Unsupervised learning methods based on clustering algorithms: Deep Clustering, proposed by Caron et al. [25], is a clustering method that jointly learns neural network parameters and the resulting feature clustering assignments and outperforms the current state-of-the-art by a significant margin on all standard benchmarks. The literature [26] describes a method for training embedding functions to maximize the local aggregation metric, allowing similar data instances to move together in the embedding space while allowing dissimilar instances to separate. In neural network training, “smoothing the label/prediction distribution” has been shown to help prevent overconfidence in the model and is essential for learning more robust visual representations [27]. The literature [28] suggests learning image features by training convolutional networks (ConvNets) to be applied to recognize 2D rotations of input images. Wu et al. [29] train neural net classifiers on annotated category-labeled datasets to be extended to unsupervised learning environments and exceed the state-of-the-art by a large margin on the ImageNet dataset. The literature [30] introduces the generalized data transformation framework, a framework that allows the simultaneous injection of invariance and uniqueness into representations, and applies it to representation learning in unlabeled videos [31], as well as in recurrent neural networks, where there are also some excellent research results [32].

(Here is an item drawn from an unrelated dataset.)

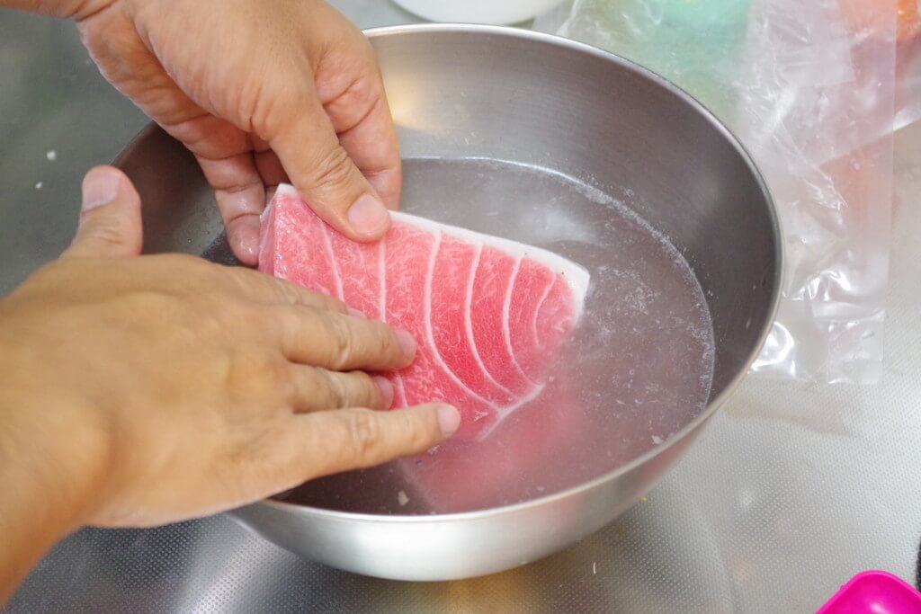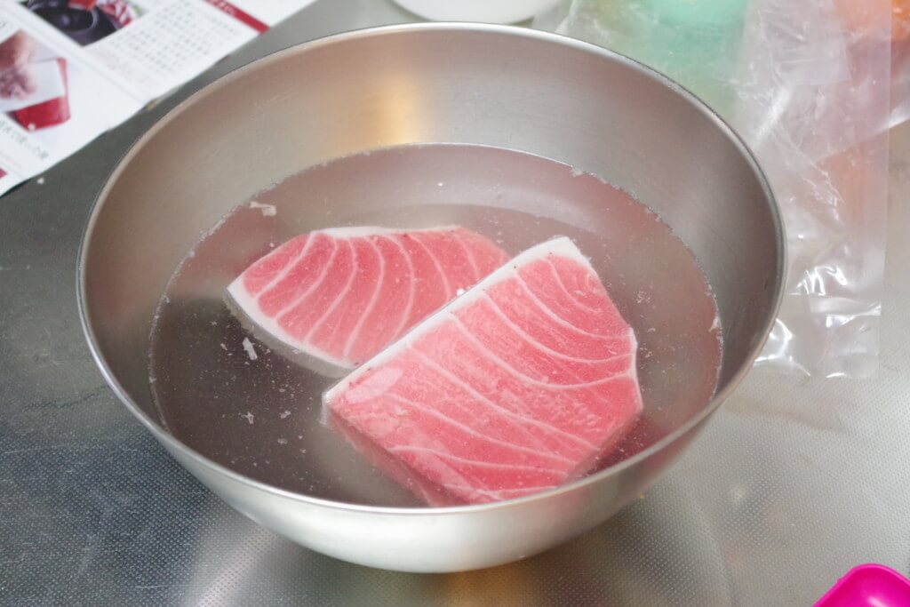 既に塩水にはマグロの油がたっぷり浮いてきています。

In recent years, to the best of our knowledge, the most dominant unsupervised learning method, DIM [10], is one of the most effective unsupervised learning methods based on feature encoding networks. DIM performs unsupervised representation learning by maximizing the mutual information between the output of the hidden layer of the encoder and the output of the encoder, a process referred to as global mutual information maximization. At the same time, maximizing the location information of the feature map of the hidden layer and the location information of the encoded vector of the output incorporates the location knowledge from the input into the target, a process called local mutual information maximization. Thus, the representational capability of the downstream task is substantially improved. The features of the representation are further controlled by matching the adversarial with the prior distribution. This method outperforms some popular unsupervised learning methods, and DIM opens up new avenues for unsupervised learning of representations. Currently, the research on DIM-based variant methods [21,33] has become one of the hotter topics.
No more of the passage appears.